Aggregate data per document

Hi All,

I am wondering if the following is possible. I want to be able aggregate nested data within a document and then filter by the aggregated data.

So if we have

PUT warehouse/
{
  "mappings": {
  "properties": {
    "inventory": {
      "type": "nested",
      "properties": {
        "equipment": {
          "type": "keyword"
        },
        "price": {
          "type": "float"
        },
        "shopId": {
          "type": "keyword"
        }
      }
    },
    "profile": {
      "properties": {
        "name": {
          "type": "keyword"
        }
      }
    }
  }
  }
}

and then put data

PUT warehouse/_doc/1
{
  "profile": {
    "name": "Place1"
  },
  "inventory": [
    {"equipment":"guitar", "price": 1000.00, "shopId":"1"},
    {"equipment":"guitar", "price": 200.00, "shopId":"2"},
    {"equipment":"guitar", "price": 1.0, "shopId":"4"}
  ]
}

etc

I need to do filter by shopIds, say shopId 1 and shopId 2. Then aggregate that data per document, so for document above the average guitar price for shopId1 and shopId2 is 150.

I then want to only return documents and values that meed a criteria, so I say shopId1 + shopId2 AND average price >130.

I am able to get some aggregation working but it is aggregation across all the documents returned, not per document.

Hoping someone can help me!

JohnJoe

The following gives me the average price across all documents that match the search

GET warehouse/_search
{
  "query": {
    "nested": {
      "path": "inventory",
      "query": {
        "bool": {
              "should": [
                {
                  "term": {
                    "inventory.shopId": "1"
                  }
                },
                {
                  "term": {
                    "inventory.shopId": "2"
                  }
                }
              ]
            }
      }
    }
  },
  "aggs": {
    "inventory": {
      "nested": {
        "path": "inventory"
      },
      "aggs": {
        "priceAgg": {
          "filter": {
            "bool": {
              "should": [
                {
                  "term": {
                    "inventory.shopId": "1"
                  }
                },
                {
                  "term": {
                    "inventory.shopId": "2"
                  }
                }
              ]
            }
          },
          "aggs": {
            "avg_price": {
              "avg": {
                "field": "inventory.price"
              }
            }
          }
        }
      }
    }
  }
}

Result:

"aggregations" : {
    "inventory" : {
      "doc_count" : 9,
      "priceAgg" : {
        "doc_count" : 3,
        "avg_price" : {
          "value" : 2000.0
        }
      }
    }

But what I need is the price for the criteria per document

Hey @JohnJoe and welcome to the community!

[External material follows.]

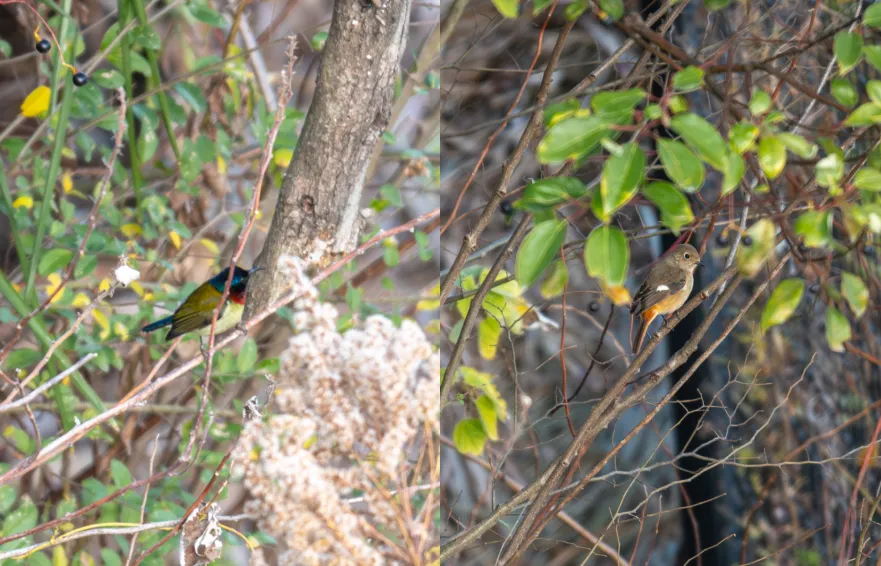 ▲叉尾太阳鸟(雄)和北红尾鸲(雌)

In a nested structure, each child entry is its own document. In this way, it makes doing nested aggregations a little interesting.

I worry about the use of nested in this fashion if these lists are going to grow/change. Have you considered changing the index mapping to be "item" centric instead of the current "profile" centric?

This would give you an individual document for each inventory item and significantly more flexible queries for what you're looking to accomplish.

While it may seem more voluminous, under the hood, the number of documents will be similar, yet easier to manage and it will scale better as you grow the index.

1 Like

This topic was automatically closed 28 days after the last reply. New replies are no longer allowed.